--- EXERCISE OBJECTIVE ---
Look below for the line holding "Current and projected" and the line holding "General Reginald Fortean". Transcribe exactly those lines and all lines between them, nothing more.

--- PROVIDED MATERIAL ---
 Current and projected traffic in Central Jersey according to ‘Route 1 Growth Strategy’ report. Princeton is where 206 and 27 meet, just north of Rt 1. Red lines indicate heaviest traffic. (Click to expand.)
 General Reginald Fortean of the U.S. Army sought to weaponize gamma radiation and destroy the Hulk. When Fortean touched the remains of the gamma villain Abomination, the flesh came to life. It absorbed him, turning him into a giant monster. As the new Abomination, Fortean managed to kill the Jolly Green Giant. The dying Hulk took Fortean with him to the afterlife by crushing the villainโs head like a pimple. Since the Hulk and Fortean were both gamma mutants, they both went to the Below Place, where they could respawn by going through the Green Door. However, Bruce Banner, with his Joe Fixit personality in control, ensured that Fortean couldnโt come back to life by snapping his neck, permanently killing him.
--
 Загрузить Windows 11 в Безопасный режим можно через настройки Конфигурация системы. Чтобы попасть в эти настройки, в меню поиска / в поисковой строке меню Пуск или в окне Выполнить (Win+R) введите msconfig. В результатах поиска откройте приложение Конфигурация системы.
==
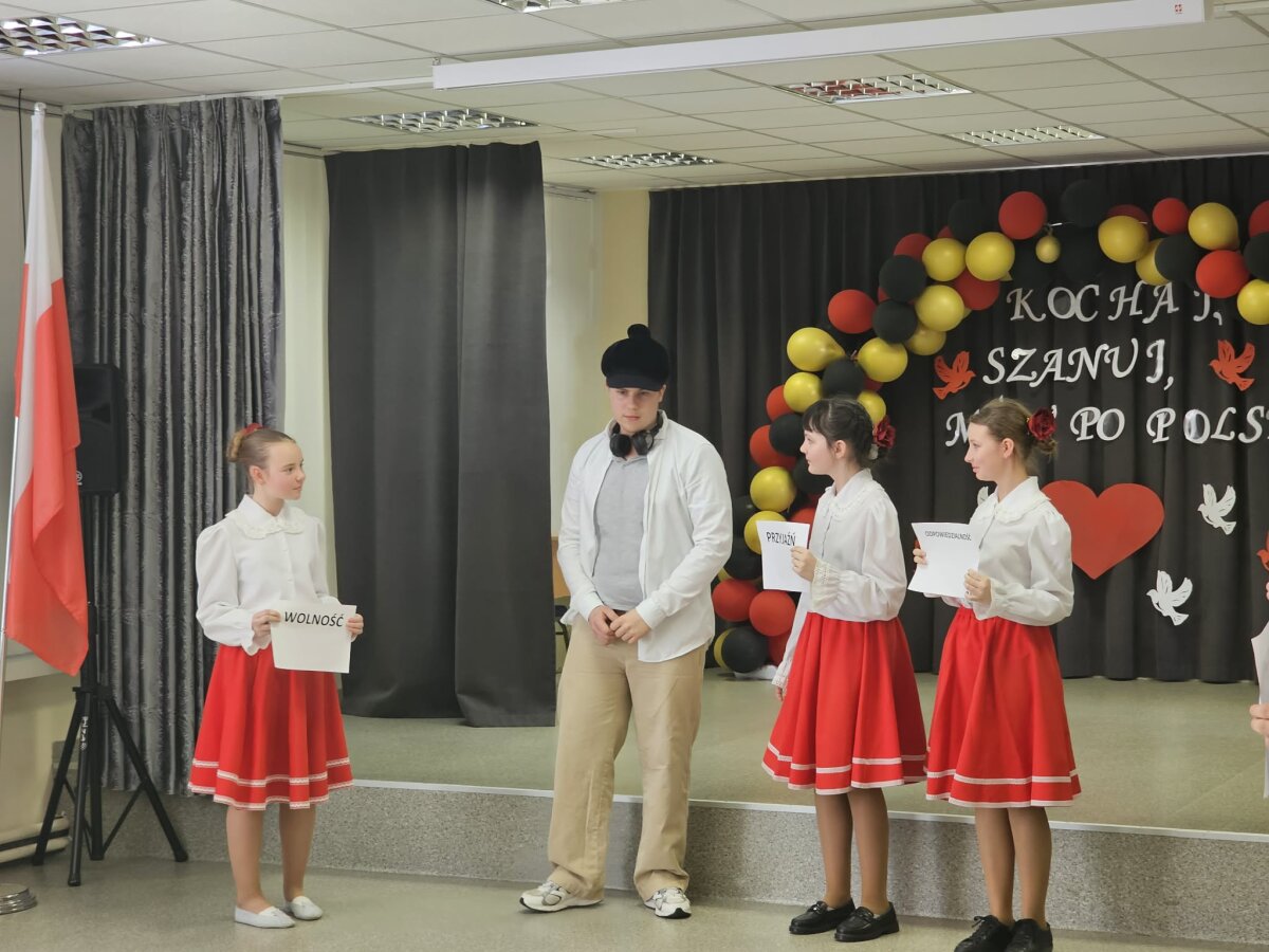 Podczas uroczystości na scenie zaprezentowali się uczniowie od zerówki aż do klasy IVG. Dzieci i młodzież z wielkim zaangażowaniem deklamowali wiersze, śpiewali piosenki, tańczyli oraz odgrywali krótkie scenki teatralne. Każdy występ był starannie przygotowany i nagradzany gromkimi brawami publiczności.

--- ANSWER TO THIS PROBLEM ---
 Current and projected traffic in Central Jersey according to ‘Route 1 Growth Strategy’ report. Princeton is where 206 and 27 meet, just north of Rt 1. Red lines indicate heaviest traffic. (Click to expand.)
 General Reginald Fortean of the U.S. Army sought to weaponize gamma radiation and destroy the Hulk. When Fortean touched the remains of the gamma villain Abomination, the flesh came to life. It absorbed him, turning him into a giant monster. As the new Abomination, Fortean managed to kill the Jolly Green Giant. The dying Hulk took Fortean with him to the afterlife by crushing the villainโs head like a pimple. Since the Hulk and Fortean were both gamma mutants, they both went to the Below Place, where they could respawn by going through the Green Door. However, Bruce Banner, with his Joe Fixit personality in control, ensured that Fortean couldnโt come back to life by snapping his neck, permanently killing him.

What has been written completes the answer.